Comment 12 David Hill 2017-12-21 16:26:48 UTC
Hi guys,

    We're hitting this exact same problem with :

qemu-img convert -f qcow2 -O qcow2 /var/lib/nova/instances/99bea639-a7b4-43b9-a83a-37fdf5388eda/disk /var/lib/nova/instances/46ff755f1780407bbce1939b6971730c.test 

if we attach gdb to the process we see the following:

(gdb) bt
#0  0x00007fe62138aaff in ppoll () from /lib64/libc.so.6
#1  0x0000558b9315b58b in qemu_poll_ns ()
#2  0x0000558b9315c378 in main_loop_wait ()
#3  0x0000558b930a5fa3 in img_convert ()
#4  0x0000558b9309f3a9 in main ()
(gdb) 

If we run it with " strace -fffff qemu-img convert -f qcow2 -O qcow2 /var/lib/nova/instances/99bea639-a7b4-43b9-a83a-37fdf5388eda/disk /var/lib/nova/instances/46ff755f1780407bbce1939b6971730c.test > /root/strace.out 2>&1 & " it completes successfully.   

Dave

Comment 13 Kevin Wolf 2017-12-21 18:28:07 UTC
After I had a chance to look at a core dump from David's customer, this seems to be a problem that we already have a fix for in qemu-kvm-rhev-2.9.0-16.el7_4.12.
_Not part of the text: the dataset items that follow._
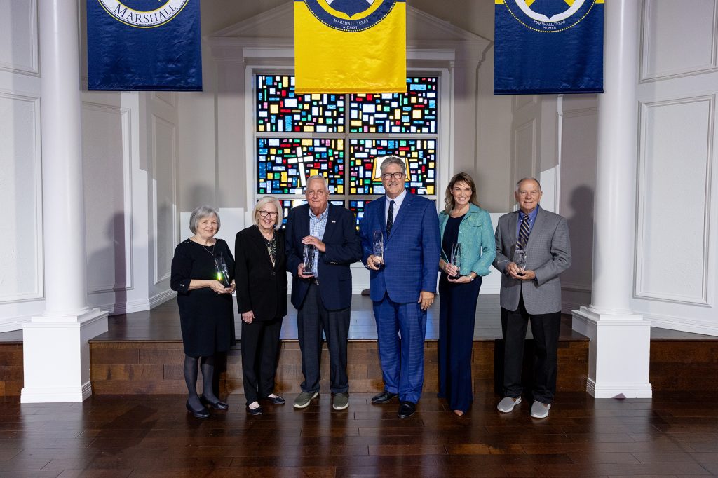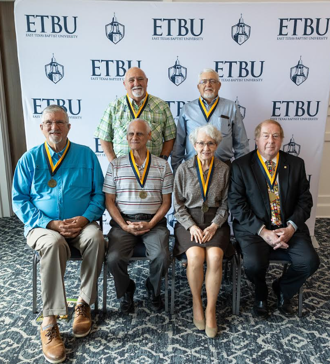 These ambassadors have provided generous financial support and countless volunteer hours to ETBU. The 2025 Golden Blazers are Jean (Atkinson) Davis (’97), Ruth (Atkinson) Hoffman (’77), and Billy Hoffman (’77). This year’s Alumni Awards honored Steve Akin (’73) with the Unsung Hero Award and Joshua Zamora (’10) with the Young Alumnus Award; Laura (Hopkins) Sammons (’98) accepted the J. Wesley Smith Achievement Award, Dr. Randall O’Brien (’85) was awarded the Alumni Achievement Award, and Claudia and Mac Abney were honored with the W.T. Tardy Service Award.
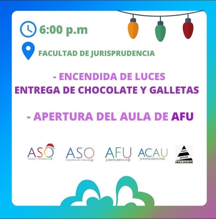 Tema: «Encendida de luces, entrega de chocolate y galletas. Apertura del aula de AFU)».
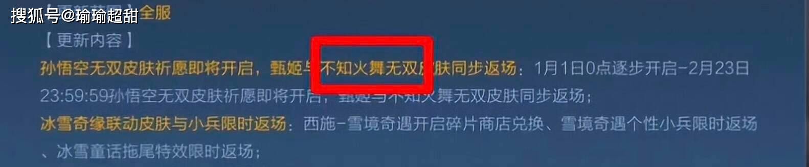 可能很多玩家根本就不知道还有这回事,其实在今年 1 月份的时候,原本定位就是想要返场不知火舞的无双限定皮肤的,当时也是上线孙悟空无双的时候,但后来是临时改成了瑶妹的无双。
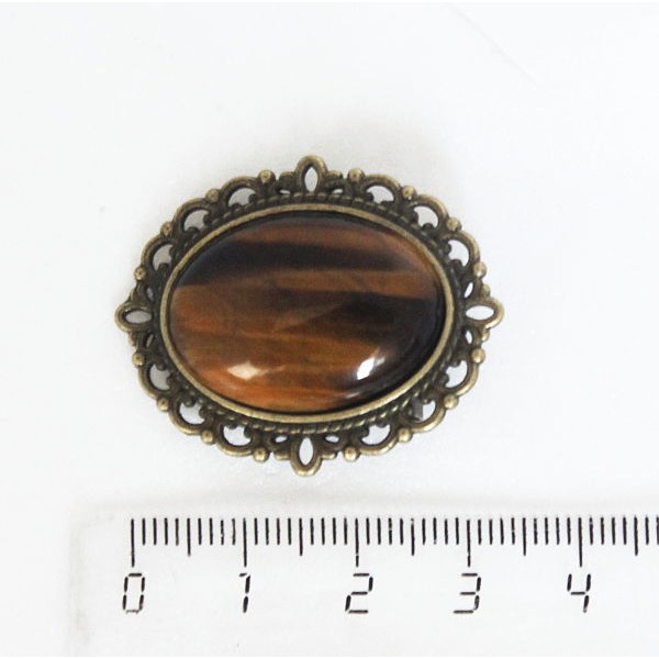 • Брошь из тигрового глаза, овал 25х18мм, оправа с узором цвет бронза
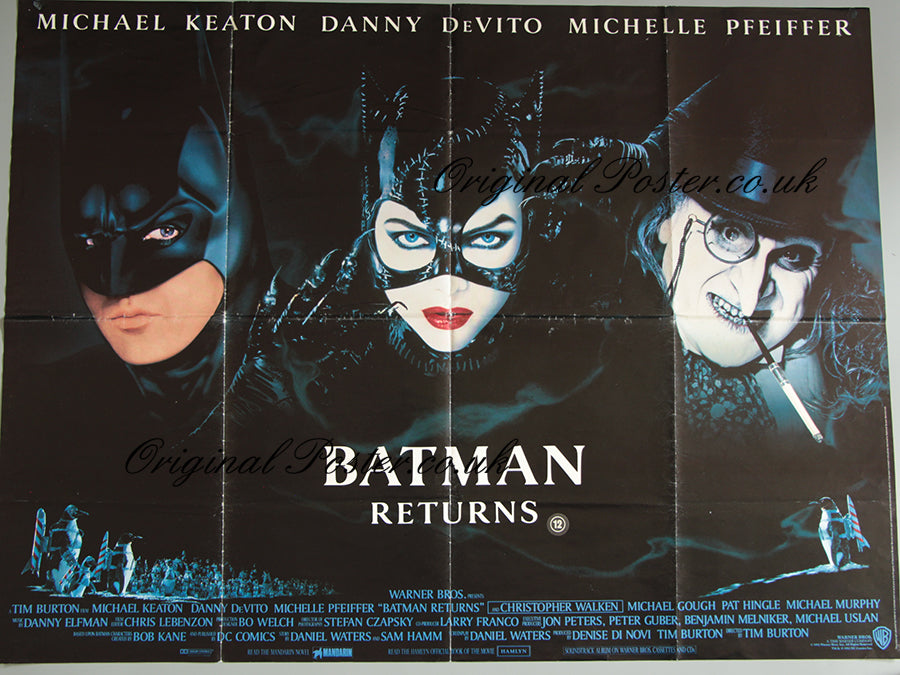 This is the folded British quad cinema poster from 1992 for the film "Batman Returns". Picturing Batman, Catwoman and the Penguin. This folded film poster has fold wear as seen with no pinholes.

What led me to this conclusion is that we have a single active coroutine in convert_do_copy(), and the only request in it is stuck while we have a ThreadPoolElement that already is in the THREAD_DONE state, but still in the list of thread pool requests. This means that the worker function has completed, but the callback never arrived. This is the same pattern as seen in bug 1513362.


(gdb) p *s
$1 = {src = 0x561db9196050, src_sectors = 0x561db9196060, src_num = 1, total_sectors = 429916160, allocated_sectors = 47303384, allocated_done = 30076272, sector_num = 153985792, 
  wr_offs = 153984768, status = BLK_DATA, sector_next_status = 153985792, target = 0x561db91ea3c0, has_zero_init = true, compressed = false, target_has_backing = false, 
  wr_in_order = true, min_sparse = 8, cluster_sectors = 128, buf_sectors = 4096, num_coroutines = 8, running_coroutines = 8, co = {0x561db996ab40, 0x561db996ac80, 0x561db996adc0, 
    0x561db996af00, 0x561db996b040, 0x561db996b180, 0x561db996b2c0, 0x561db996b400, 0x0, 0x0, 0x0, 0x0, 0x0, 0x0, 0x0, 0x0}, wait_sector_num = {153985152, 153985664, 153985408, 153984896, 
    153985024, 153985536, 153985280, -1, 0, 0, 0, 0, 0, 0, 0, 0}, lock = {locked = 0, ctx = 0x0, from_push = {slh_first = 0x0}, to_pop = {slh_first = 0x0}, handoff = 0, sequence = 0, 
    holder = 0x0}, ret = -115}


(gdb) p *s.target.root.bs.aio_context.thread_pool.head.lh_first
$13 = {common = {aiocb_info = 0x561db7bd9750 <thread_pool_aiocb_info>, bs = 0x0, cb = 0x561db7950ad0 <thread_pool_co_cb>, opaque = 0x7fadd4697910, refcnt = 1}, pool = 0x561db9228000, 
  func = 0x561db78df850 <aio_worker>, arg = 0x561db9172f00, state = THREAD_DONE, ret = 0, reqs = {tqe_next = 0x0, tqe_prev = 0x0}, all = {le_next = 0x0, le_prev = 0x561db9228098}}

*** This bug has been marked as a duplicate of bug 1513362 ***

Comment 14 shivapriya.o.hiremath 2018-02-02 21:57:55 UTC
We are facing the same issue in OSP 10 deployment where the spawning of a huge VM gets stuck. We would want to know how to get the custom build with the patch mentioned in this bugzilla. 

We have downloaded a source RPM (.src.rpm) from http://ftp.redhat.com/pub/redhat/linux/enterprise/7Server/en/RHOS/SRPMS/, specifically qemu-kvm-rhev-2.9.0-16.el7_4.13.src.rpm.

Since this is a source RPM, we are yet to build the RPM from this file. We followed through the steps https://wiki.centos.org/HowTos/RebuildSRPM on how to build source RPMs, including installing dependencies, such as gcc and kernel-headers, but there are a ton of dependencies. 

We have used the 'yum-builddep <src rpm>' command to install some of the dependencies, but there are yet other packages that aren't available. These are the ff.:
•	bluez-libs-devel
•	brlapi-devel
•	gperftools-devel
•	libfdt-devel >= 1.4.3
•	lbiscsi-devel
•	libseccomp-devel >= 2.3.0
•	libssh2-devel
•	lzo-devel
•	pciutils-devel
•	snapp-devel

Can you guide us on how to add these dependencies on RHEL OSP and let us know if we are missing any repositories?